In legal practice you do not look back (unless the court orders you to). You make a decision and you implement. Law is not a science. It is a profession where you get a job done under tight deadlines and budgets. You make reasonable efforts and understand that perfection is impossible, that perfect is the enemy of the good.

But this is not a real world exercise. If it was, then confidentiality duties would not have allowed me to describe my work to begin with. This is an academic exercise, a scientific experiment of sorts. Its purpose is training, to provide the legal community with greater familiarity with the predictive coding process. For that reason I am compelled to share with you my thoughts and doubts of last week, in late July 2012, when I was rewriting and publishing Days Seven and Eight of the narrative.

I started to wonder in earnest whether my decision to stop after five rounds of predictive coding was correct. I described the decision and rationale in my Day Eight narrative. As I concluded in the Enough Is Enough heading: I was pretty sure that further rounds of search would lead to the discovery of more relevant documents, but thought it very unlikely any more significant relevant documents would be found. But now I am having second thoughts.

Troubling Questions

What if I was wrong? What if running another round would have led to the discovery of more significant relevant documents, and not just cumulative, insignificant relevant documents as I thought? What if a bunch of hot documents turned up? What if a whole new line of relevance was uncovered?

I also realized that it would only take a few more hours to run a sixth round of predictive and find out. Thanks to the generosity of Kroll Ontrack, the database was still online and intact. I could do it. But should I do it? Should I now take the time to test my decision? Was my decision to stop after five right, or was it wrong? And if it was wrong, how wrong was it?

I knew that if I now tested the decision by running a sixth round, the test would provide more information on how predictive coding works, on how a lawyer’s use of it works. It would lead to more pieces of truth. But was it worth the time, or the risk?

Chance and Choice

The personal risks here are real. Another round could well disprove my own decision. It could show that I was mistaken. That would be an embarrassing setback, not only for me personally, but also for the larger, more important cause of encouraging the use of advanced technology in legal practice. As I said in Day One of the narrative, I took the time to do this in the hope that such a narrative will encourage more attorneys and litigants to use predictive coding technology. If I now go the extra mile to test my own supposition, and the test reveals failure and delusion on my part, what would that do for the cause of encouraging others to take up the gauntlet? Was my own vanity now forcing me to accept needless risks that could not only harm myself, but others?

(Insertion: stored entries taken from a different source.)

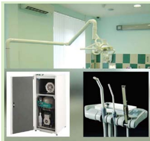
Общая и местная вибрация. Колебательные движения какого-либо тела

Труд ассистента врача-стоматолога характеризуется как напряженный, умственно-эмоциональный, сопряженный с выраженной статической нагрузкой (Классификация труда по тяжести и напряженности, предложенная Институтом гигиены труда и профзаболеваний АМН СССР).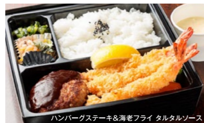
ハンバーグステーキ&海老フライ タルタルソース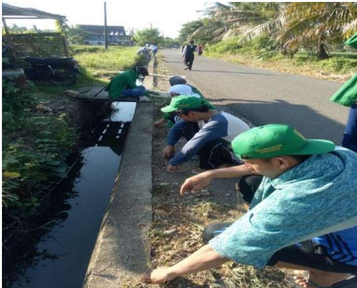
Kegiatan Bakti Sosial di Desa Pitusunggu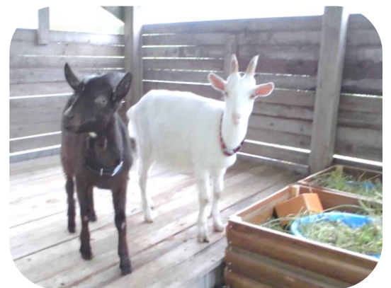
仔ヤギのクロちゃんとシロちゃん

さて、6月のはじめに仔ヤギが2頭やってきました。「クロちゃん」と「シロちゃん」です。除草と獣除けに役立つのか実験してみようということで、秋まで借りる予定です。天気のいい日は畑につないだり散歩していることもあります。とっても可愛いのでぜひ会いに来てくださいね。ツリーハウスのあるカーサ小院瀬見駐車場の隅にヤギ小屋があります。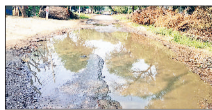
कनीना। नारनौल मार्ग पर नांगल गांव के पास जमा गंदा पानी।

कनीना। उप मंडल को जिला मुख्यालय नारनौल से जोड़ने वाला मुख्य रोड की हालत अत्यंत दयनीय हो चुकी है। जिसके चलते जिला मुख्यालय पर पहुंचने के लिए छोटे मार्ग के बजाय लोगों को नेशनल हाईवे 152 डी पर प्रॉटी कर टोल टैक्स देकर जाना पड़ता है, जो दोपहिया वाहन चालकों के लिए नहीं है। कनीना नारनौल मार्ग क्षतिग्रस्त होने से दो दर्जन से अधिक गांव के ग्रामीणों को भारी परेशानी का सामना करना पड़ता है और जिला मुख्यालय पहुंचना दुष्पर हो रहा है। इस मार्ग में अनेक जगह गहरे गड्ढे बने हुए हैं। वहीं गांव नांगल के पास मुख्य सड़क पर घरों को गंदा पानी जमा रहता है, जिससे सड़क पर गहरे गड्ढे बन गए हैं।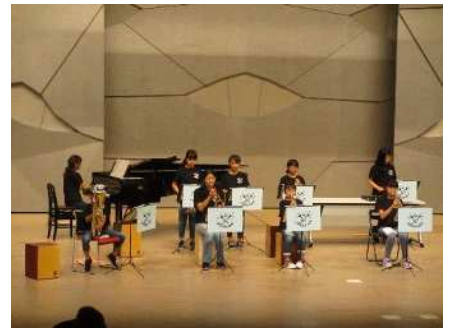
㉖秋葉区芸能祭 6/26 3年ぶりに有観客で開催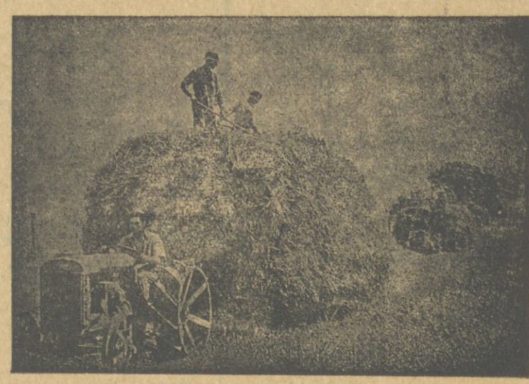
تراکتور ایله اوت آپاریرلر

اوت بیچن ماکنه 8-10 دھمە کندچینک ایشنی تیز گوریر و فاباغا آپاریر، بو ماکنه بەلیدر، بر آدمک ایشی دکل. برلشمەلی ماکنه جمعیتی تشکیل ایشلی و الە کتورمەلی.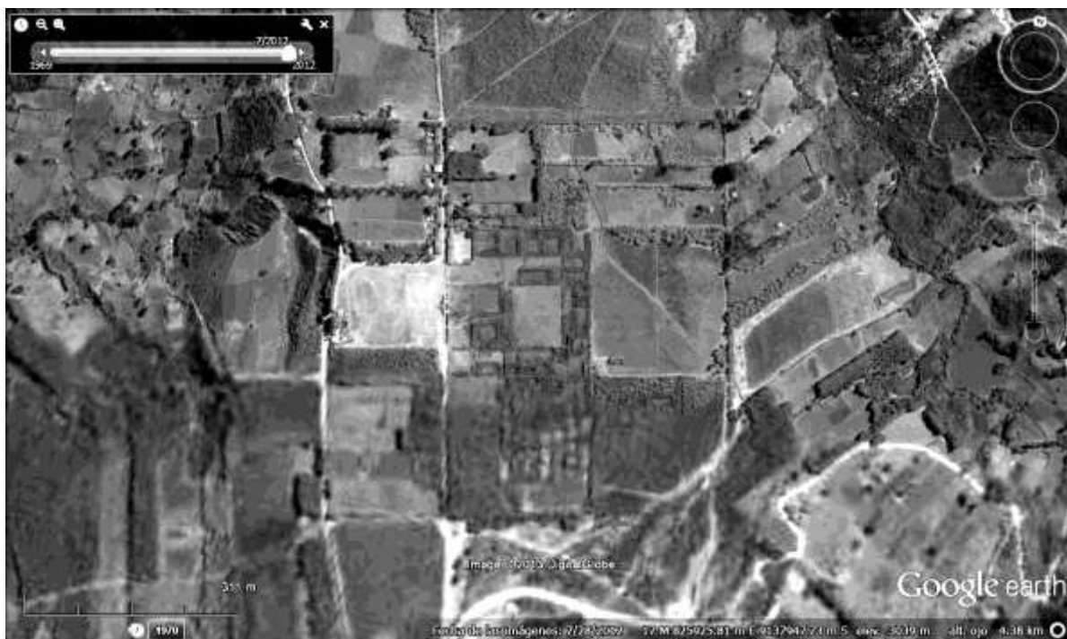
Figura 5. Vista de Google Earth del sitio Wari de Viracochapampa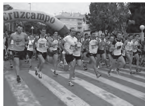
Salida Media Maratón

Of course, I could do the experiment and only reveal it if it was positive, or at least not too embarrassing, and hide it if it was. That way I could protect my own reputation and protect the profession. But I knew that I could never live with that. I knew that if I ran the experiment, then no matter how embarrassing the results proved to be, that there was no way I could hide that and still keep my self-respect. I knew that it would be better to be humbled than be a fraud. I knew that if I did this, if I took the time to go back and double-check my decision, that I would have to go all the way, pride and professional reputation be damned. I would have to tell all. If it was a story of delusion that discouraged other lawyers from adopting technology, then so be it. Truth should always triumph. Maybe other lawyers should be discouraged. Maybe I should be more skeptical of my own abilities. After all, even though I have been doing legal search in one form or another all my career, I have only been doing predictive coding for a little over a year.

Of course, I did not have to run the test at all. No one but a few folks at Kroll Ontrack would even know that it was still possible to do so. Everyone would assume that the database had been taken down. By any logical analysis I should not run this test. I had little to gain if the test worked and confirmed my theory, and much to lose if it did not. Reason said I should just walk away and stick to my plan and end the narrative now. No one would ever know, except of course, I would know. Damn.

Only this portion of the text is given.